The Alliance Alive’s story constantly deals with topical issues
Games can be used as a means to address important issues. While players may not be able to directly influence the real world they inhabit, they can make a virtual world a better place. Some games can be a bit heavy-handed with messages, such as Final Fantasy VII and the fight to preserve the planet. With The Alliance Alive, things are slightly more subtle. Issues relevant to the ones facing the world today constantly appear, giving people a chance to deal with inequality among different races and climate change in a game that shows things in black, white, and shades of grey.
Racism is one of the more immediate issues that consistently pops up in The Alliance Alive. In the first few chapters, people follow Galil and Azura in the Rain Realm. This is a location completely subjugated by the Beastfolk for the Daemons. Humans are treated terribly. Beastfolk guards wander the town. Aside from Barnarosa, who is a member of the resistance, even ordinary Beastfolk treat humans badly. The Caged Realm is a sort of prison where Beastfolk rule over everyone. Meanwhile, the Daemons rule over both the Beastfolk and the humans, with the horned ones in authority even seeing fit to “punish” people who go against them. But then, even among Daemons, a noble person like Vivian is still considered below council members. The different rankings among Daemons could be like castes or the division between the the 1% and everyone else in our own world, while the idea of some races feeling as though they are “better” than others is mirrored by racism in our own society that people from different backgrounds or immigrants may face.

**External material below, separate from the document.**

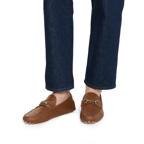 Inspiriert von der Reitsportvergangenheit des Hauses hat sich das Horsebit im Laufe der Jahre zu einem historischen Symbol entwickelt. Bei diesem Driver-Mokassin aus braunem, geprägtem GG Leder sorgt das Detail für einen unverkennbaren Touch.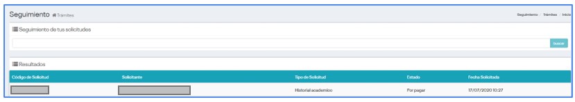 - Podrás realizar el seguimiento de tu solicitud, ingresando a la opción “Trámites”, sección “Seguimiento”. En este espacio visualizarás una lista de las solicitudes tramitadas para su respectivo seguimiento.

With The Alliance we start to see a group that is looking for an alternative to a class system where a race like the Daemons would be considered better than humans. The Night Ravens counts humans and Beastfolk, Barbarosa, among its ranks. Vivian goes down to the Burning Realm to meet with Tiggy and learn about her research. When players start to get a chance to face different creatures in the world, you’ll have a chance to start recruiting people who started out as enemy monsters. It doesn’t matter what species someone belongs to, so long as they want to try and make the world a better and more united place in The Alliance Alive.
Climate change is the other big issue in The Alliance Alive. In the world humans and Beastfolk inhabit, Daemons instituted a Dark Current that separated the land into different regions. Think of it as an extreme reaction to halt the forces of Chaos. Each district is defined by the extreme weather conditions caused by the barrier, and people suffer as a result. Rain Realm is constantly being drenched. Burning Realm is filled with lava and volcanoes. Snow Realm is a sub-zero domain. I mean, the whole reason Azura ends up in quite a bit of trouble is because she had heard legends about the sky having once been blue, and she convinced Galil to help her break into a museum where she could see a picture of a “normal” sky. To compare, in our own world we’re seeing temperatures rise in different areas and more extreme storms hitting.
As people near the end game, everyone begins to realize that the changed climate isn’t going to just stop being a problem once The Alliance does its job and the world is united. People begin to realize that coming together to find solutions and overcoming differences will be the only way to prevent even more devastation. One of the realms is even in danger of just… collapsing completely as a result of that climate change. (Think of it as being the in-game equivalent of Greenland’s massive ice melts.) While there isn’t as “quick” of a fix in-game as the recruiting process that can bring people of all different species together, we do have this sense of working toward a better end.
The Alliance Alive is a fantasy RPG, but it is one that can be quite topical. Climate change and racism remain major topics in our own world that we need to work to resolve. This game gives us a chance to think critically about these topics in a new way.
The Alliance Alive is available for the Nintendo 3DS, while The Alliance Alive HD Remastered is available for the Nintendo Switch and PlayStation 4.